(What needs to be done) A faithful transcription of all the entries below is needed, without the pictures.

======== Dataset extract ========

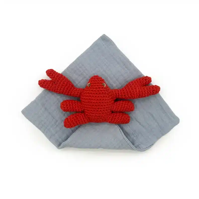Ce doudou en forme de crabe est une idée cadeau de naissance original et poétique.
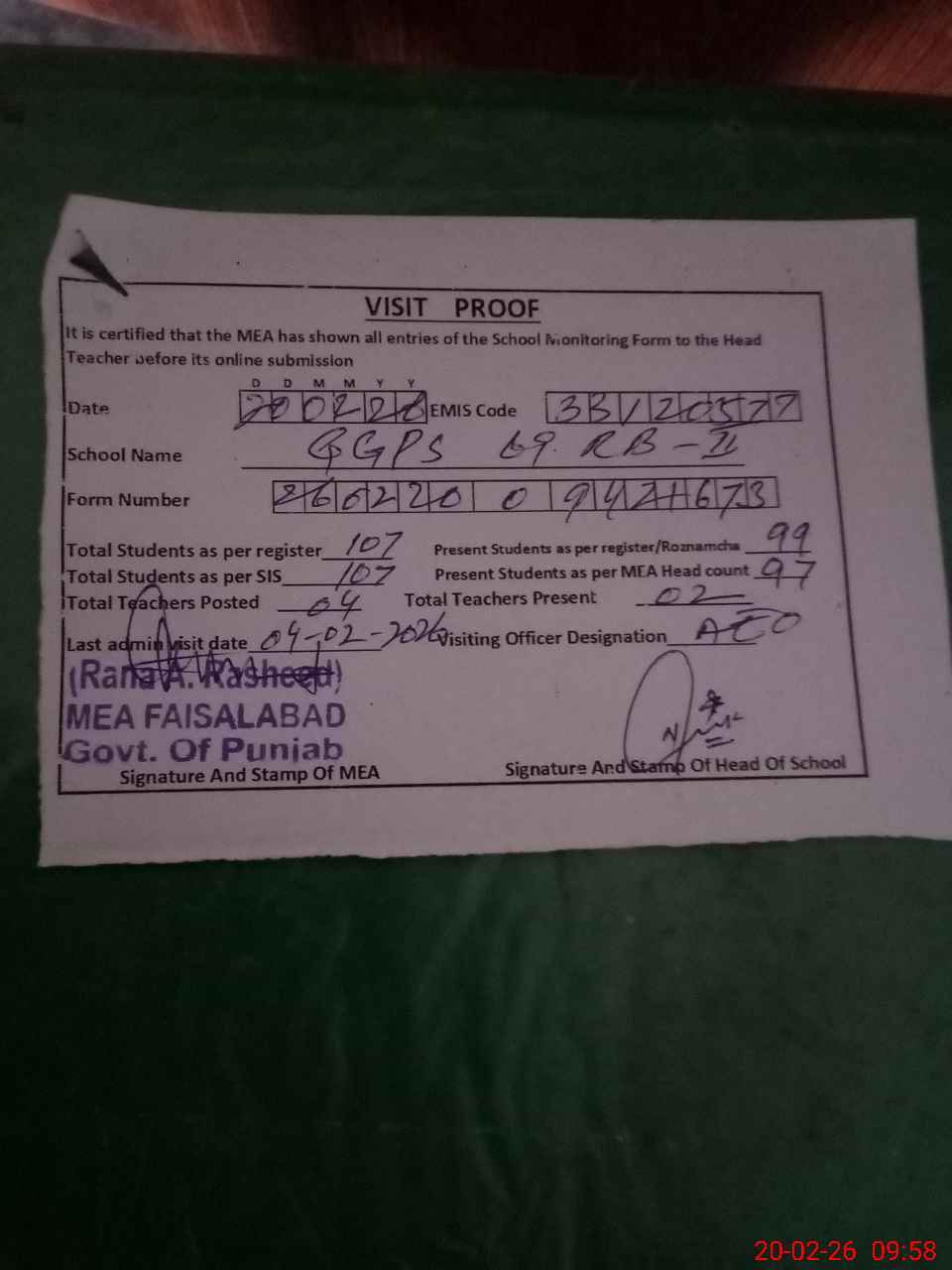| EMIS Code: 33120577 | Name of School: GGPS CHAK NO 69 RB-II | |||
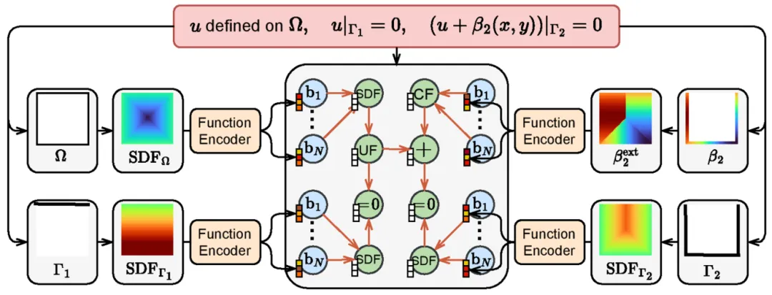对于二维方程中可能出现的复杂区域形状和边界位置,PDEformer-2 将其表示为符号距离函数(SDF),并使用函数编码器将这部分信息嵌入到计算图当中。下图所示的例子展示了使用计算图表示方形区域上 Dirichlet 边界条件的方式:
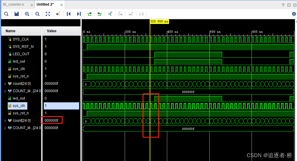 对比上面波形图,虽然源代码是0.5s变换一次电平,但是由于仿真代码中设置的最大计数是15,因此再15后,计数器下一个状态变为0,同时改变输出电平。
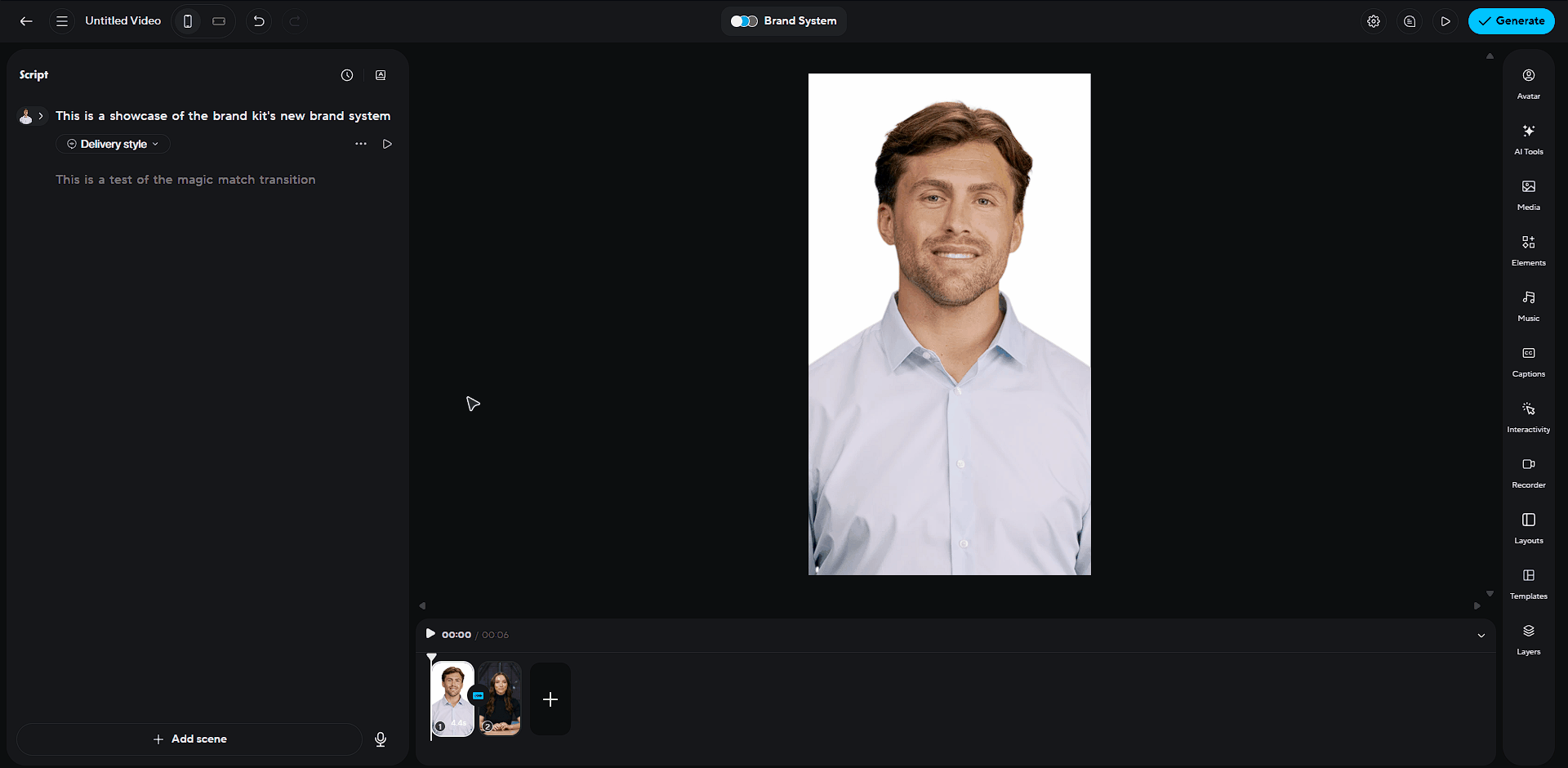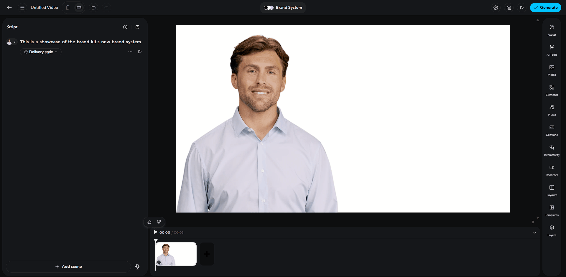 When you're creating a video in AI Studio, click the 'Brand System' button in the top to access your brand system.

========

(Answer space)
Ce doudou en forme de crabe est une idée cadeau de naissance original et poétique.
| EMIS Code: 33120577 | Name of School: GGPS CHAK NO 69 RB-II | |||
对于二维方程中可能出现的复杂区域形状和边界位置,PDEformer-2 将其表示为符号距离函数(SDF),并使用函数编码器将这部分信息嵌入到计算图当中。下图所示的例子展示了使用计算图表示方形区域上 Dirichlet 边界条件的方式:
 对比上面波形图,虽然源代码是0.5s变换一次电平,但是由于仿真代码中设置的最大计数是15,因此再15后,计数器下一个状态变为0,同时改变输出电平。
 When you're creating a video in AI Studio, click the 'Brand System' button in the top to access your brand system.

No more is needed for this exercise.